Starting at the line containing "हे चित्र आहे" and ending at the line containing "Ürün sınıfı oluşturmak", transcribe the listing below exactly. Keep both end lines, skip the pictures, and copy nothing else.
*** Opening of Given information ***
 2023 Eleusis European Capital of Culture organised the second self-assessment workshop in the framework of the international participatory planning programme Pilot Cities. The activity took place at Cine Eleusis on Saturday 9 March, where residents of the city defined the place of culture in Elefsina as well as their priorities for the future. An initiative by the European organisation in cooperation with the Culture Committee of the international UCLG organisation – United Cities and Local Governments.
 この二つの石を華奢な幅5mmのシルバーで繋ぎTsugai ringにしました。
*** Close of Given information ***
*** Opening of Given information ***
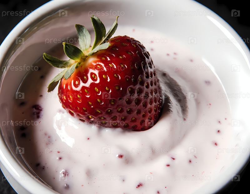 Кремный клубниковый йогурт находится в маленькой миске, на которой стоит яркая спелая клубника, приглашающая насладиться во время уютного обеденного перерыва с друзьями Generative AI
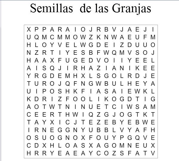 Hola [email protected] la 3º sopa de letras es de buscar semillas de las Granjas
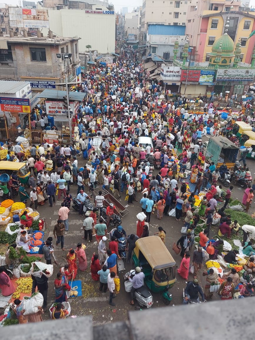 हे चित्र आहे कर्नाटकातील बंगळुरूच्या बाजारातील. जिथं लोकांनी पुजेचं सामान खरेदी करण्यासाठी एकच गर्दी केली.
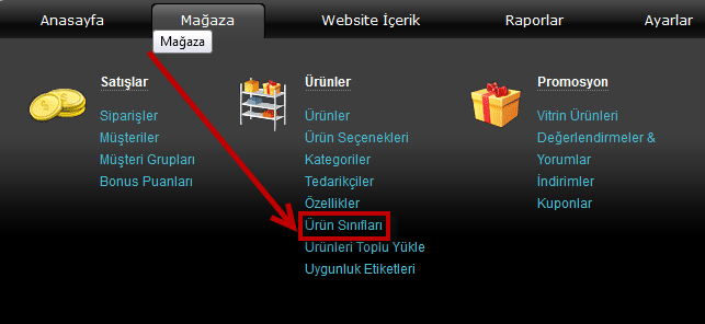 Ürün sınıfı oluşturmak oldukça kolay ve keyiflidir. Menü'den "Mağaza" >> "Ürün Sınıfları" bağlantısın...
*** Close of Given information ***
- [Reply to the task]
 हे चित्र आहे कर्नाटकातील बंगळुरूच्या बाजारातील. जिथं लोकांनी पुजेचं सामान खरेदी करण्यासाठी एकच गर्दी केली.
 Ürün sınıfı oluşturmak oldukça kolay ve keyiflidir. Menü'den "Mağaza" >> "Ürün Sınıfları" bağlantısın...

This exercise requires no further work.